Шрифт:
Закладка:
Однако за счет одного этого эстетического дискурса телесный комплекс неполноценности не мог быть преодолен полностью. Сравнивать свое тело с телом европейцев вошло в болезненную привычку. Сэридзава Кодзиро в романе «Умереть в Париже» (1942) писал: «Любуясь невестой, совершенно естественно державшейся в европейском платье — встречая гостей у входа зал, она была в белоснежном свадебном наряде, а на банкете появилась в нежно-розовом суаре, я невольно думал о том, как быстро прижилась в Японии западная культура, ведь нынешние японки даже с точки зрения западных стандартов могут смело соперничать с европейскими женщинами. Марико, к примеру, ни в чем не уступала многим замечательным представительницам женского пола, с которыми я познакомился в Европе и которые блистали не только красотой, но и умом, не говоря уж об исключительной тонкости чувств, являвшейся едва ли не главным их достоинством»68.

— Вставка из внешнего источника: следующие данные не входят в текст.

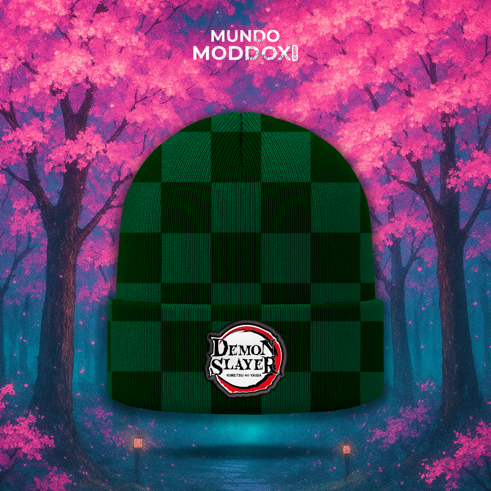 Protege tu energía como Tanjiro 🍃🗡️. Beanie tejido en lana con patrón verde a cuadros, inspirado en la icónica capa del protagonista de Kimetsu no Yaiba. Abrigador, cómodo y unisex, ideal para climas fríos ❄️ y para darle un toque anime a tu outfit diario. ✨
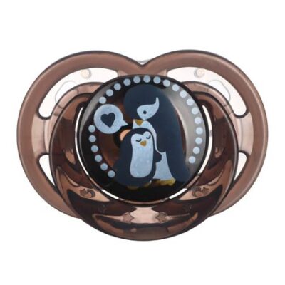 Соска — пустышка силиконовая ортодонтическая M&B «Пингвинчик», от 6 мес., с колпачком, черный. Соска-пустышка со скошенным латексным соском предназначена для детей с рождения. Форма нагубника с симметрично расположенными отверстиями обеспечивает свободную циркуляцию воздуха для предотвражения появления опрелостей. Указанный возраст является рекомендованным и зависит от индивидуальных особенностей развития ребенка. кольцо для клипсы-держателя отверстия в нагубнике для циркуляции воздуха скошенный латексный сосок не содержит бисфенол-А (BPA free) Материалы: полипропилен (PP), латекс Использование в микроволновой печи: Только стерилизация Срок службы: 30 дней.
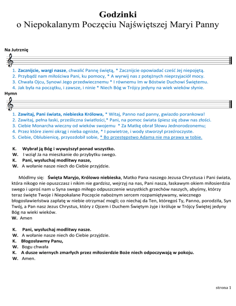 Godzinki o Niepokalanym Poczęciu Najświętszej Maryi Panny Na Jutrznię 1. Zacznijcie, wargi nasze, chwalić Pannę świętą, * Zacznijcie opowiadać cześć Jej niepojętą. 2. Przybądź nam miłościwa Pani, ku pomocy, * A wyrwij nas z potężnych nieprzyjaciół mocy. 3. Chwała Ojcu, Synowi Jego przedwiecznemu * I równemu Im w Bóstwie Duchowi Świętemu. 4. Jak była na początku, i zawsze, i ninie * Niech Bóg w Trójcy jedyny na wiek wieków słynie. Hymn 1. 2. 3. 4. 5. Zawitaj, Pani świata, niebieska Królowa, * Witaj, Panno nad panny, gwiazdo porankowa! Zawitaj, pełna łaski, prześliczna światłości,* Pani, na pomoc świata śpiesz się zbaw nas złości. Ciebie Monarcha wieczny od wieków swojemu * Za Matkę obrał Słowu Jednorodzonemu; Przez które ziemi okrąg i nieba ogniste, * I powietrze, i wody stworzył przeźroczyste. Ciebie, Oblubienicę, przyozdobił sobie, * Bo przestępstwo Adama nie ma prawa w tobie. K. W. K. W. Wybrał ją Bóg i wywyższył ponad wszystko. I wziął Ja na mieszkanie do przybytku swego. Pani, wysłuchaj modlitwy nasze, A wołanie nasze niech do Ciebie przyjdzie. Módlmy się: Święta Maryjo, Królowo niebieska, Matko Pana naszego Jezusa Chrystusa i Pani świata, która nikogo nie opuszczasz i nikim nie gardzisz, wejrzyj na nas, Pani nasza, łaskawym okiem miłosierdzia swego i uproś nam u Syna swego miłego odpuszczenie wszystkich grzechów naszych, abyśmy, którzy teraz święte Twoje i Niepokalane Poczęcie nabożnym sercem rozpamiętywamy, wiecznego błogosławieństwa zapłatę w niebie otrzymać mogli; co niechaj da Ten, któregoś Ty, Panno, porodziła, Syn Twój, a Pan nasz Jezus Chrystus, który z Ojcem i Duchem Świętym żyje i króluje w Trójcy Świętej jedyny Bóg na wieki wieków. W. Amen K. W. K. W. K. W. Pani, wysłuchaj modlitwy nasze. A wołanie nasze niech do Ciebie przyjdzie. Błogosławmy Panu, Bogu chwała A dusze wiernych zmarłych przez miłosierdzie Boże niech odpoczywają w pokoju. Amen. strona 1 Na Prymę 1. Przybądź nam miłościwa Pani, ku pomocy, * A wyrwij nas z potężnych nieprzyjaciół mocy. 2. Chwała Ojcu, Synowi Jego przedwiecznemu * I równemu Im w Bóstwie Duchowi Świętemu. 3. Jak była na początku, i zawsze, i ninie * Niech Bóg w Trójcy jedyny na wiek wieków słynie. Hymn 1. 2. 3. 4. K. W. K. W. K. W. K. W. Zawitaj, Panno mądra, domie poświęcony, * Siedmioma kolumnami pięknie ozdobiony. Od wszelakiej zarazy świata ochroniona, * Pierwej święta w żywocie matki, niż zrodzona. Tyś matką wszech żyjących, Tyś jest świętych drzwiami, * Nowa gwiazdo z Jakuba, Tyś nad aniołami. Ogromna czartu jesteś, w szyku obóz silny, * Bądź chrześcijan ucieczką i port nieomylny. Sam Ją stworzył w Duchu Świętym, I wyniósł Ją nad wszystkie dzieła rąk swoich. Pani, wysłuchaj modlitwy nasze, A wołanie nasze niech do Ciebie przyjdzie. Błogosławmy Panu, Bogu chwała A dusze wiernych zmarłych przez miłosierdzie Boże niech odpoczywają w pokoju. Amen. Módlmy się: Święta Maryjo, Królowo niebieska… Na Tercję 1. Przybądź nam miłościwa Pani, ku pomocy, * A wyrwij nas z potężnych nieprzyjaciół mocy. 2. Chwała Ojcu, Synowi Jego przedwiecznemu * I równemu Im w Bóstwie Duchowi Świętemu. 3. Jak była na początku, i zawsze, i ninie * Niech Bóg w Trójcy jedyny na wiek wieków słynie. Hymn 1. 2. 3. 4. 5. Witaj, Arko przymierza, tronie Salomona, * Tęczo, wszechmocną ręką z pięknych farb złożona. Tyś krzak Mojżeszów, boskim ogniem gorejąca, * Tyś różdżka Aronowa, śliczny kwiat rodząca. Bramo rajska zamkniona, runo Gedeona, * Tyś niezwyciężonego, plastr miodu, Samsona. Przystało, aby Cię Syn tak zacny od winy * Pierworodnej zachował i zmazy Ewinej. Który Ciebie za Matkę obierając sobie, * Chciał, by przywara grzechu nie powstała w Tobie. strona 2 K. W. K. W. K. W. K. W. Ja mieszkam na wysokościach, I tron mój w słupie obłoku. Pani, wysłuchaj modlitwy nasze, A wołanie nasze niech do Ciebie przyjdzie. Błogosławmy Panu, Bogu chwała A dusze wiernych zmarłych przez miłosierdzie Boże niech odpoczywają w pokoju. Amen. Módlmy się: Święta Maryjo… Na Sekstę 1. Przybądź nam miłościwa Pani, ku pomocy, * A wyrwij nas z potężnych nieprzyjaciół mocy. 2. Chwała Ojcu, Synowi Jego przedwiecznemu * I równemu Im w Bóstwie Duchowi Świętemu. 3. Jak była na początku, i zawsze, i ninie * Niech Bóg w Trójcy jedyny na wiek wieków słynie. Hymn 1. 2. 3. 4. Witaj, świątynio Boga w Trójcy Jedynego, * Tyś raj aniołów, pałac wstydu panieńskiego! Pociecho utrapionych, ogrodzie wdzięczności, * O palmo cierpliwości, o cedrze czystości! Ziemia jesteś kapłańska i błogosławiona, * Święta i pierworodną zmazą niedotkniona. Miasto Pańskie i brama na wschód wystawiona, * Wszelkąś łaską, jedyna Panno, wypełniona. K. W. K. W. K. W. K. W. Jak lilia między cierniem Tak przyjaciółka moja między córkami Adamowymi. Pani, wysłuchaj modlitwy nasze, A wołanie nasze niech do Ciebie przyjdzie. Błogosławmy Panu, Bogu chwała A dusze wiernych zmarłych przez miłosierdzie Boże niech odpoczywają w pokoju. Amen. Módlmy się: Święta Maryjo… strona 3 Na Nonę 1. Przybądź nam miłościwa Pani, ku pomocy, * A wyrwij nas z potężnych nieprzyjaciół mocy. 2. Chwała Ojcu, Synowi Jego przedwiecznemu * I równemu Im w Bóstwie Duchowi Świętemu. 3. Jak była na początku, i zawsze, i ninie * Niech Bóg w Trójcy jedyny na wiek wieków słynie. Hymn 1. 2. 3. 4. K. W. K. W. K. W. K. W. Witaj, miasto ucieczki, wieżo utwierdzona * Dawidowa, basztami i bronią wzmocniona. Tyś przy poczęciu ogniem miłości pałała, * Przez Cię władza piekielnych mocarzów stajała. O mężna białogłowo, Jutyt wojująca, * Od niewoli okrutnej lud swój ratująca. Rachel Ożywiciela Egiptu nosiła , * Nam Zbawiciela świata Maryja powiła. Jak lilia między cierniem Tak przyjaciółka moja między córkami Adamowymi. Pani, wysłuch

Тем не менее и Сэридзава полагал, что таких японок, которые могут соперничать с европейками, насчитывалось совсем немного. Героиня романа отмечает: «Рядом с нашей каютой была каюта тридцатилетней японки, которая ехала вдвоем с сыном, пятилетним мальчиком смешанной японоанглийской крови. Она, что совершенно нехарактерно для японок, была прекрасно сложена, элегантное европейское платье сидело на ней превосходно, походка была не хуже, чем у европейских женщин, плывущих на нашем корабле, и я, прогуливаясь по палубе, изо всех сил старалась идти так, как эта Хацуко Макдональд, — я впервые надела тогда европейское платье, туфли причиняли мне неимоверные мучения, но я терпела, старательно следила за своей походкой, смотрела на Хацуко снизу вверх и мечтала о том времени, когда стану такой, как она, и научусь ходить так же легко и непринужденно, как европейские женщины»69.
Приведенная цитата свидетельствует об убежденности автора в том, что можно «выучиться» на европейца. Но это была «отсталая» точка зрения, свойственная для более раннего времени. Обществом все более овладевают настроения, что японцу не следует стремиться стать европейцем — следует не учиться у него, а проучить, что и обеспечит чаемую самоидентификацию японского народа.
Глава 4
Национализация тела
Государь (или сёгун) в традиционной Японии — это объект непосредственного почитания и авторитет для сравнительно узкой группы приближенных лиц. В Японии конца XIX — начала XX в. в соответствии с общеисторической тенденцией в «развитых» западных странах созидалось государство «народного типа», когда руководитель такого государства является репрезентацией всего населения, всей «нации», всего «народа», что создавало предпосылки для мобилизации этого народа в немыслимых доселе масштабах. Специфика Японии заключалась, в частности, в том, что в Европе это явление протекало на фоне десакрализации (или же полном элиминировании) фигуры монарха, в Японии же мы наблюдаем создание народного государства, сердцевину которого образует монарх, подвергающийся усиленной сакрализации. И не «народ» — через посредство мирных выборов или же кровавых революций — является источником его власти (что характерно для западной ситуации), а он сам (его тело и кровь) являются для народа источником жизни. Власть японского императора дана ему рождением, она зависит не от народного во-леизлияния, а от решения синтоистских божеств, вынесенного в незапамятные (и столь памятные) времена мифа. Поэтому синхронные по времени западные технологии репрезентации лидера нации, рассчитанные на создание эффекта «близости к народу», применялись в Японии в ограниченной степени. Он не произносил зажигательных речей с трибуны, мало путешествовал по стране и редко встречался с населением, не писал писем и теоретических работ, обязательных для изучения. Лицезрение его портрета было обусловлено ситуативно (предъявлялся в учреждениях и школах только во время государственных праздников), императорская иконография не знала трехмерных (скульптурных) изображений. С появлением радио император Сёва не стал использовать его для общения с народом. Лидеры западного типа искали площадки и возможность (или же ее видимость) для диалога, который в японской ситуации выглядел попросту неуместным. Японский император не искал близости с народом, это народ искал близости с ним. Искал и находил.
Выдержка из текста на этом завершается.